Each kind of operator provides different metrics with specific names. Find below example code to retrieve all operator metrics from all jobs in a Streams instance:

---------
```
from streamsx.rest import Instance
from streamsx.topology import context

# Disable SSL certificate verification if necessary
cfg[context.ConfigParams.SSL_VERIFY] = False
# Streams instance object
instance = Instance.of_service(cfg)
# Get list of all running jobs in the Streams instance
job_list = instance.get_jobs()
for j in job_list:
    job_id = j.id
    job_name = j.name
    print("JobId: "+job_id + " Name: "+ job_name)
    # Loop over each operator of the job
    op_list = j.get_operators()
    for op in op_list:
        print("Operator name:" + op.name + " kind: " + op.operatorKind)
        # List all metrics of the operator
        m = op.get_metrics()
        if len(m) > 0:
            print("Metric "+m[0].name + ": "+str(m[0].value))
```
---------

In [None]:
from streamsx.rest import Instance
import streamsx.topology.context
from time import sleep
from datetime import datetime

# retrieve metrics from submitted job
j = submission_result.job

interval = 5 # collect metrics after n seconds
n = 24 # collect n times, -1 infinite
i = 0
metrics_info = ""
sleep(20) # initial delay since job startup takes some time
while True:
    i = i + 1
    op = j.get_operators('ES_Inserter')[0]
    if op.operatorKind == 'com.ibm.streamsx.eventstore::EventStoreSink':
        time_info = datetime.now().strftime('%Y-%m-%d %H:%M:%S')
        for metric in ("nWriteSuccesses","nWriteFailures","insertTimeMin","insertTimeAvg","insertTimeMax","nActiveInserts"):
            m = op.get_metrics(name=metric)
            if len(m) > 0:
                metrics_info = metrics_info + " " + m[0].name + ": " + str(m[0].value)

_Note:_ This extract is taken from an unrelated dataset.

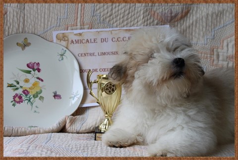 A cette occasion, nous avons reçu un diplôme de la part du Président pour le titre de Champion de France de Charlie Brown ainsi que de jolies récompenses pour Gonzo the Great (bientôt 4 mois, en photo) qui s'est vu désigné "coup de coeur du Président" en ( très) jeune Coton puis en Coton tous âges confondus.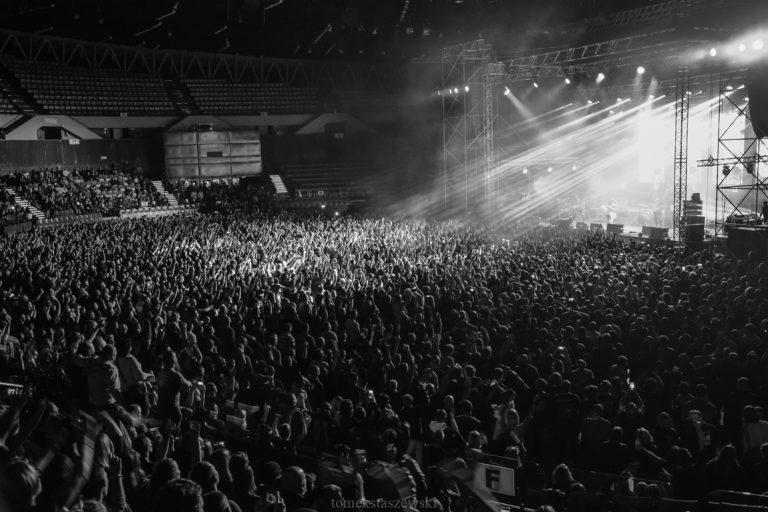 Na godzinę przed koncertem przez Spodkiem widać było długie, kręte kolejki do bramek wejściowych, co zapowiadało dobrą frekwencję. I rzeczywiście, jak co roku Spodek zapełnił się fanami Kultu z całego Śląska. Bawiły się trzy pokolenia, co niezmiennie mnie na koncertach Kultu zachwyca. Widać, że miłość do dobrej muzyki przechodzi z pokolenia na pokolenie. Patrzenie na dzieci tańczące i śpiewające piosenki Kazika Staszewskiego sprawia, że serce rośnie.

        print(time_info + " " + metrics_info)
    if i == n:
        break
    sleep(interval)
    metrics_info = ""


## 4.1 See job status 

You can view job status and logs by going to **My Instances** > **Jobs**. Find your job based on the id printed above.
Retrieve job logs using the "Download logs" action from the job's context menu.

To view other information about the job such as detailed metrics, access the Streams Console.  Go to **My Instances** > **Provisioned Instances**. Select the Streams instance and open the URL listed under *externalConsoleEndpoint* or *serviceConsoleEndpoint*.

<a name="cancel"></a>

# 5. Cancel the job

This cell generates a widget you can use to cancel the job.

In [None]:
# cancel the job in the IBM Streams service
submission_result.cancel_job_button()

You can also interact with the job through the [Job](https://streamsxtopology.readthedocs.io/en/stable/streamsx.rest_primitives.html#streamsx.rest_primitives.Job) object returned from `submission_result.job`

For example, use `job.cancel()` to cancel the running job directly.

# Summary

We started with a `Stream` called `pulse`, which contained the data we wanted to insert. Next, we used the `pulse` stream as input for the "Event Store Writer" to insert rows in the specified table.  

After submitting the application to the Streams service, we connected to the instance via REST and displayed the "Event Store Writer" metrics to see the progress within the notebook.